By moving the mouse over the plot, we're shifting focus to the closest data sample represented by black marker. The figure title provides details about the highlighted sample, such as its index in the data set and class.
6.1.1. Legend ↩
The legend may be switched on either by a toolbar button or by pressing the
l
key (as in l
egend):
6.1.2. Changing features ↩
We can change features shown in sdscatter
using arrow buttons on the
toolbar or with corresponding cursor keys. "Left" and "Right" arrow flips
through the features on the horizontal and "Up" and "Down" through the
features on the vertical axis.
In order to directly select a feature of interest, use right click on the axis legend. A pop-up menu will appear listing the features available.

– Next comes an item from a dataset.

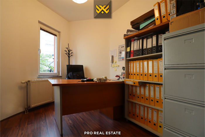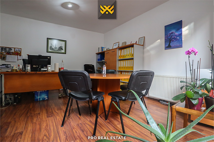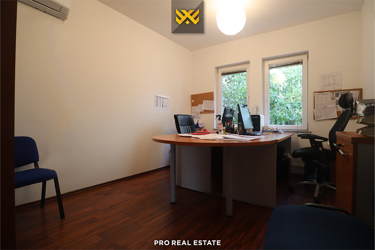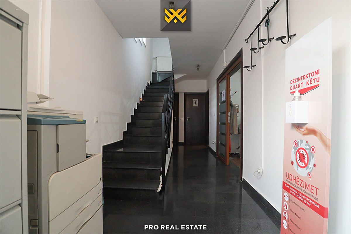 Përfshinë dy objekte, njëri ka 280m² dhe përfshinë katet P+2 dhe tjetri ka 40m². Shtëpia posedon ngrohje qëndrore me rrymë dhe ka vendparkim të mjaftueshëm, gjithashtu ndodhet në një lokaciono me çasje të shpejtë në Qendër dhe është shumë e përshtatshme për zyre.

If more than 25 features are present in the data set, a dialog will appear allowing us to select a feature by its index.
6.1.3. Sample inspector ↩
Sample inspector shows a detailed view of a current sample. We can select
the Show sample inspector command from Scatter menu. The dialog opens
asking for the name of the data set which contains data of intereset. We
will type a
and click on OK. A separate window opens showing detailed
view of the currently highlighted example.

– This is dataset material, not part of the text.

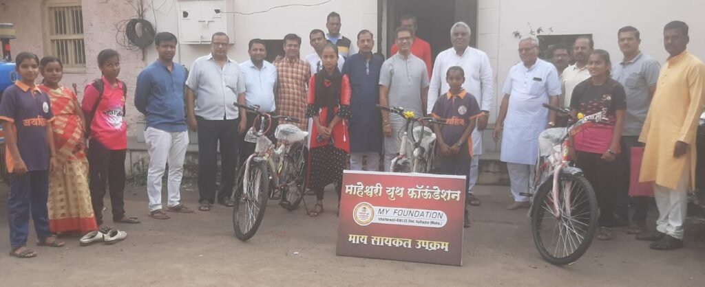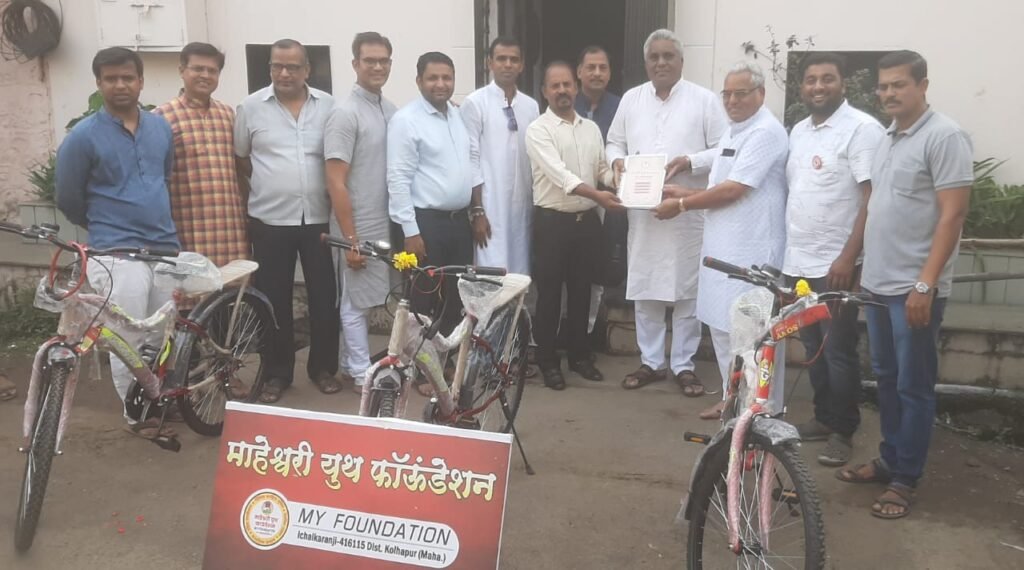 माहेश्वरी युथ फौंडेशनच्या वतीने सामाजिक व धार्मिक कार्यात पुढाकार घेतला जात़ो.यासह विविध विधायक उपक्रम देखील सातत्याने राबवण्यात येतात.याच अनुषंगाने माय सायकल उपक्रमांतर्गत समाजातील गरीब, गरजू विद्यार्थ्यांना सायकल प्रदान करण्यात येतात.घरची परिस्थिती अत्यंत हालाखीची असूनही अभ्यासाबरोबरच कबड्डी,खो -खो खेळात चांगली कामगिरी करण्यासाठी काही विद्यार्थीनी धडपड करत आहेत.त्यांना या कार्यासाठी पाठबळ मिळावे ,या उद्देशाने माहेश्वरी युथ फौंडेशनच्या वतीने गणेशचतुर्थीचे औचित्य साधून प्रांजल पोवार ,जुबेन मुल्ला , श्रध्दा खामकर या खेळाडूंना मान्यवरांच्या हस्ते सायकल प्रदान करण्यात आल्या.

If our data set contains images, sample inspector may show the per-sample
image instead of feature plot. To show image data, the sample inspector
needs information on image size. We can add this to our data set a
as
'imsize' data property, indicating that it contains image information
rescaled into [32 32] raster:
>> a=setprop
(a,'imsize',[32 32],'data')
381 by 1024 sddata, 17 classes: [31 28 24 33 19 21 57 26 21 9 13 15 14 1 14 29 26]
You can use the sample inspector to identify outliers or to understand which objects fall in the area of overlap.
6.1.4. Switching between different sets of labels ↩
It is often beneficial to use multiple sets of labels. For example, in a medical problem, we may be interested not only in the top-level class such as 'disease'/'no-disease' but also in specific type of tissue or in the patient the sample originates from.
sdscatter
may visualize any sample labeling available in the data
set. Any sdlab
object stored as a sample property is available.
Let's use a medical data set from cancer detection problem in this example. It contains information on pixels in scans of multiple patients. For each pixel, we know the high-level label such as 'disease'/'no-disease' more precise tissue type and patient:
>> load medical;
>> a'
'medical all' 225119 by 11 sddata, 2 classes: 'disease'(56652) 'no-disease'(168467)
sample props: 'lab'->'class' 'class'(L) 'pixel'(N) 'patient'(L) 'tissue'(L)
feature props: 'featlab'->'featname' 'featname'(L)
data props: 'data'(N)
>> sdscatter(a)
We may switch between different labels via Use label command in Scatter menu.
Switching to patient labeling:
We may switch quickly to a specific set of labels using the 1-9 shortcut keys. In our example, the tissue labels are accessible by pressing '3':
6.1.5. Visualizing subsets of samples ↩
sdscatter
allows us to show only subset of samples defined by label
values. This feature is accessible via the Sample filter command in
Scatter menu.
For example, we may be interested only in no-disease tissues. We can select only no-disease examples in *Scatter/Sample filter/class*.
Note the filter string above the figure - it shows that 1 or 3 classes is shown in the current label set.
Any filter may be inverted using 'Invert filter on...' menu command or 'i' keystroke.
Now, the scatter plot shows two or the three classes.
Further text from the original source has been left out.